LIV. (160) Moses therefore does well when he adds, “Thou shalt go upon thy breast and upon thy Belly.”{72}{#ge 3:14.} For pleasure is not one of the things which is tranquil and steady, but is rather a thing which is in constant motion and full of confusion, for as flame is excited by being moved, so passion when it is put in motion in the soul, being in some respects like a flame, does not suffer it to rest. On which account he does not agree with those who pronounce pleasure a stable feeling, for tranquillity is connected with stones and trees, and all kinds of inanimate things, but is quite inconsistent with pleasure; for it is fond of tickling and convulsive agitation, and with regard to some of its indulgences it has not need of tranquillity but of an intense and violent unseemliness of commotion.

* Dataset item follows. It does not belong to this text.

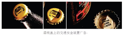 美國(guó)將警示語(yǔ)作為酒品包裝的強(qiáng)制性標(biāo)注內(nèi)容,要求飲料,酒的品牌標(biāo)簽、獨(dú)立的前標(biāo)簽或者背標(biāo)簽、側(cè)標(biāo)簽都應(yīng)獨(dú)立,并有別于標(biāo)簽中其他信息地標(biāo)示:“政府警示,根據(jù)普通外科醫(yī)生建議,孕婦不應(yīng)該飲酒,以防止新生兒缺陷,飲酒會(huì)減弱個(gè)人駕駛車(chē)或操控機(jī)械的能力并可能引發(fā)健康問(wèn)題?!贝送?國(guó)外的產(chǎn)品包裝設(shè)計(jì)上也植入了公益理念。如上圖廣告可對(duì)飲酒人群針對(duì)性的進(jìn)行廣告宣傳,采用打開(kāi)酒瓶蓋必須以破壞“車(chē)輛”為代價(jià)的形式,傳達(dá)喝酒不能開(kāi)車(chē)的安全理念。

LV. (161) But the expression, “And dust shalt thou eat all the days of thy life,” is also used with great propriety. For the pleasures which are derived from the food of the body are all earthly. And may we not reasonably speak thus? There are two several parts of which we consist, the soul and the body; now the body is made of earth, but the soul consists of air, being a fragment of the Divinity, for “God breathed into man’s face the breath of life, and man became a living Soul.”{73}{#ge 2:7.} It is therefore quite consistent with reason to say that the body which was fashioned out of the earth has nourishment which the earth gives forth akin to the matter of which it is composed; but the soul, inasmuch as it is a portion of the ethereal nature, is supported by nourishment which is ethereal and divine, for it is nourished on knowledge, and not on meat or drink, which the body requires.